Meta-analysis is a statistical analysis of data collected from several different researches and surveys on the same problem, pooling outcomes in order to arrive at a more unbiased and scientific conclusion [12, 22]. Ideally, each of the studies included in meta-analysis should contain large numbers of cases and have a similar validated design. To avoid outcomes distorted by language bias, we made efforts to look for studies in all languages. Finally, only five published RCTs on lumbar TDR versus fusion were analyzed. Four studies had good methodological qualities (score > 50), one study only gained 44 score which implies a higher risk of bias.
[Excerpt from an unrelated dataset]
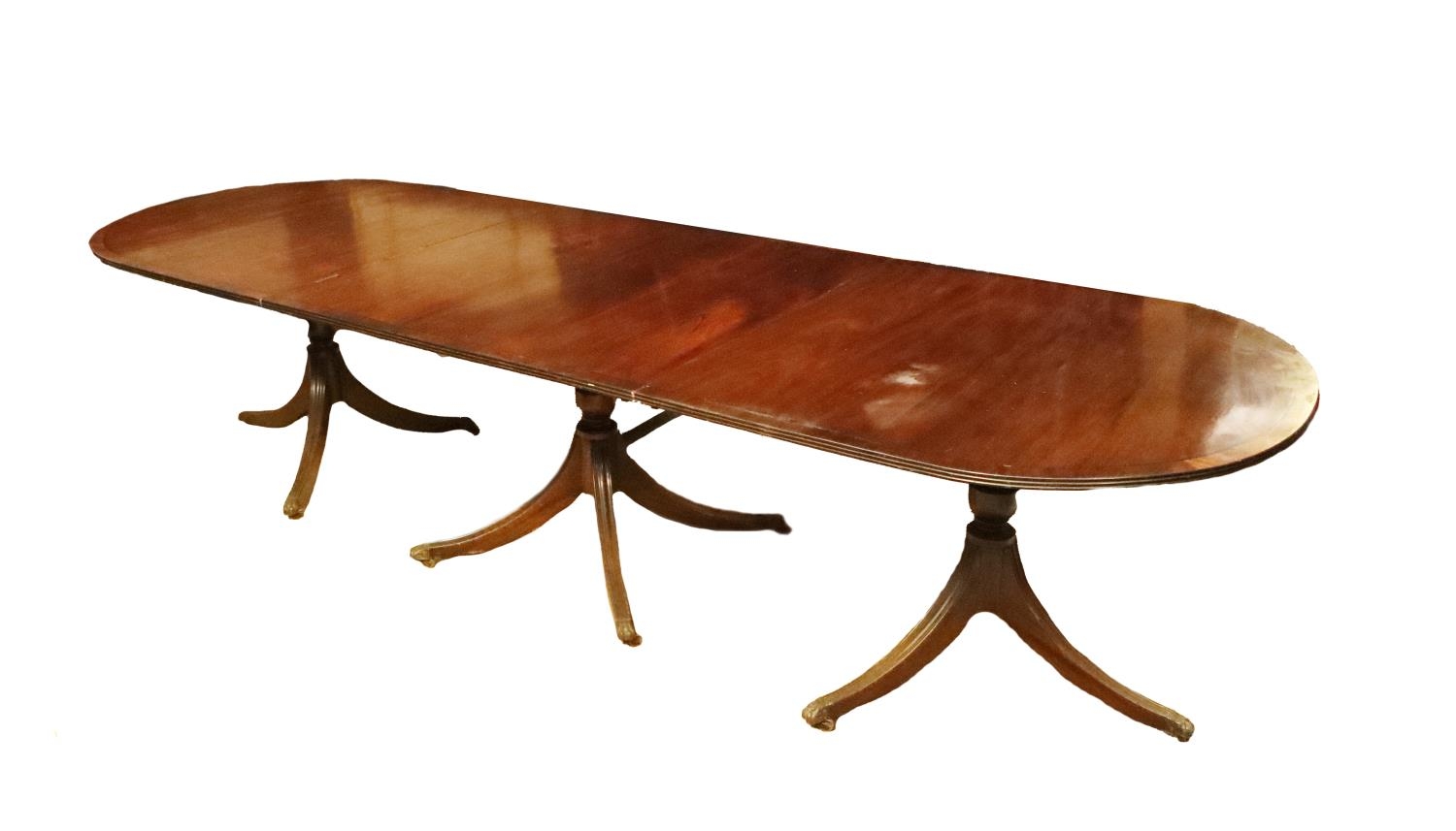 A Georgian style ebony strung inlaid mahogany D end pod Dining Table, with reeded side on brass caps on outsplayed legs, approx. 300cms long x 107cms wide (118" x 42"). (1)

The most prevalent methodological shortcomings appeared to be the small size of populations and the insufficiency regarding the outcome assessor blinding to intervention. The low number of included studies limited our assessment of potential publication bias by the funnel plot and unpublished researches with negative results can not be identified. Therefore, publication bias may exist, which could result in the overestimation of the effectiveness of interventions. In included studies, the interventions were inconsistent. Different procedures of lumbar fusion and different types of artificial disc may modify the comparing effect between the interventions, although no artificial disc is shown to be superior or inferior to the others [2]. Fusion method could result in different operative data and radiographic results, even if there is no significant difference in clinical and function results [15, 23, 33, 44]. Due to these limitations, the combined results of this meta-analysis should be cautiously accepted. In addition, the benefits of motion preservation and protecting adjacent levels, long-term complications and surgical revisions still remain unproved from the existing data. More independent high-quality RCTs with long-term outcomes and cost/effectiveness analyses are needed.

Conclusions

Compared with lumbar fusion, total artificial disc replacement results in a slightly better functioning and back or leg pain status without clinical significance, and a significantly greater patient satisfaction at the two-year follow-up point. However, the study that used stand-alone cage interbody fusion as the control is highly influential to overall results. After omitting this study, there is no longer significant difference in function and pain status and patient satisfaction between TDR and fusion group. At five years, these outcomes are not significantly different between comparing groups. Complication and reoperation rate are similar between the two groups at 2 and 5 years, respectively. From the existing outcomes, the total artificial disc replacement does not show significant superiority for the treatment of lumbar DDD compared with fusion. To assess the benefits of motion preservation and the long-term complications, more high-quality RCTs with long-term outcomes are needed.